Month by month, photo by photo I’m making progress with this daunting task, key-wording, culling, editing, retouching the tens of thousands of photographs we’ve accumulated. The collection goes back to old print photographs we scanned into Lightroom, continues through our years together in Sacrament and on into our years in Alaska which have been punctuated with travels elsewhere and a two-year span in Mongolia.
Usually I’ve drawn energy from this project as I revisit memories and track the progress we’ve made as photographers. My editing and retouching skills have dramatically improved, and that too has been satisfying. But there have been low periods as well. Recently I pitched a story to the editor of a magazine. He liked the draft I showed him and asked for more. I finished the piece, sent it in… and nothing. It’s as though I’ve been ghosted. Unpleasant.
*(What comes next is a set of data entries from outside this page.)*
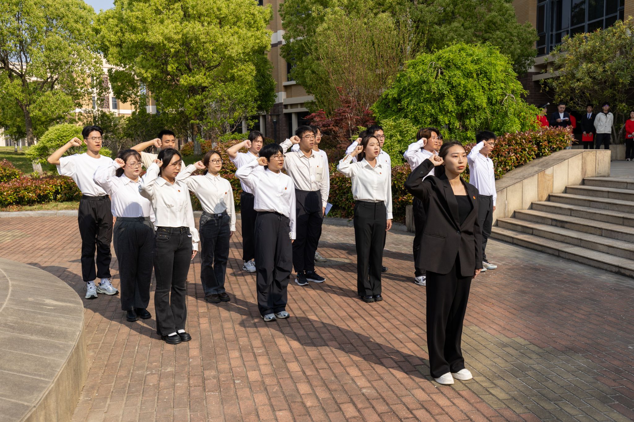 奉贤校区升国旗仪式现场,还举行了共青团员入团宣誓仪式,新团员代表面向团旗庄严宣誓,铿锵誓言展现了新时代上应青年赓续五四精神、勇担时代使命的决心和信念。这一刻,历史的厚重与青春的朝气交织,五四精神的火炬在新时代青年手中熠熠生辉。
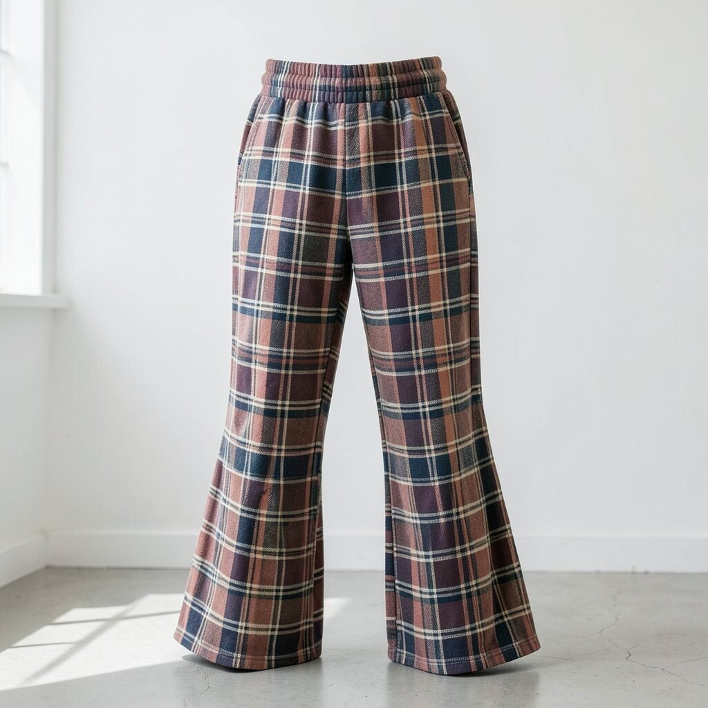 Plaid flared sweatpants offer a touch of classic style. They are perfect for a preppy, timeless look.
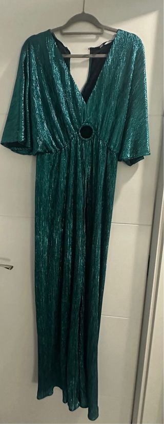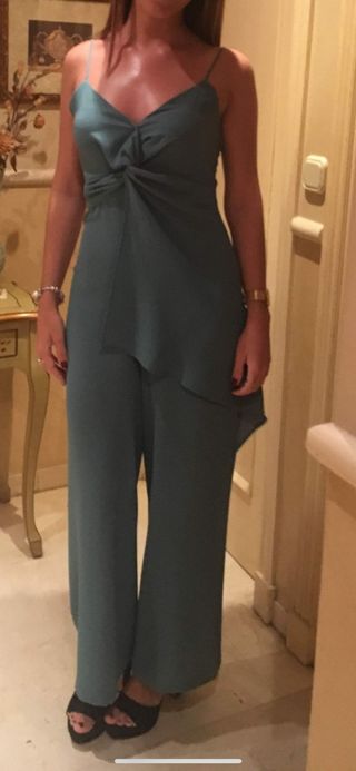 Mono elegante de Zara, perfecto para ocasiones especiales. - Diseño halter con lazada. - Espalda descubierta. - Pierna ancha.

And so I find myself revisiting old questions. Have I lost the touch? Usually editors are enthusiastic about my work. Does “lost the touch” really mean “gotten too old?” Which leads to a downward spiral into the really big question I find hanging over my head at times: What if nothing ever comes of all this? What if this late-in-life push is, ultimately, pointless?
Things can get dark. But, are you enjoying your life? Barbra asks, trying to be helpful and cheering. The answer to her question is (on most days) an unequivocal Yes. And yet… and yet…
Faith in the past as an indicator tells me this moment of doubt will pass. That same past tells me that the only way to know is to keep moving forward. I suppose I could construct a metaphor about moons waning, disappearing… and then finding themselves again and waxing into fullness.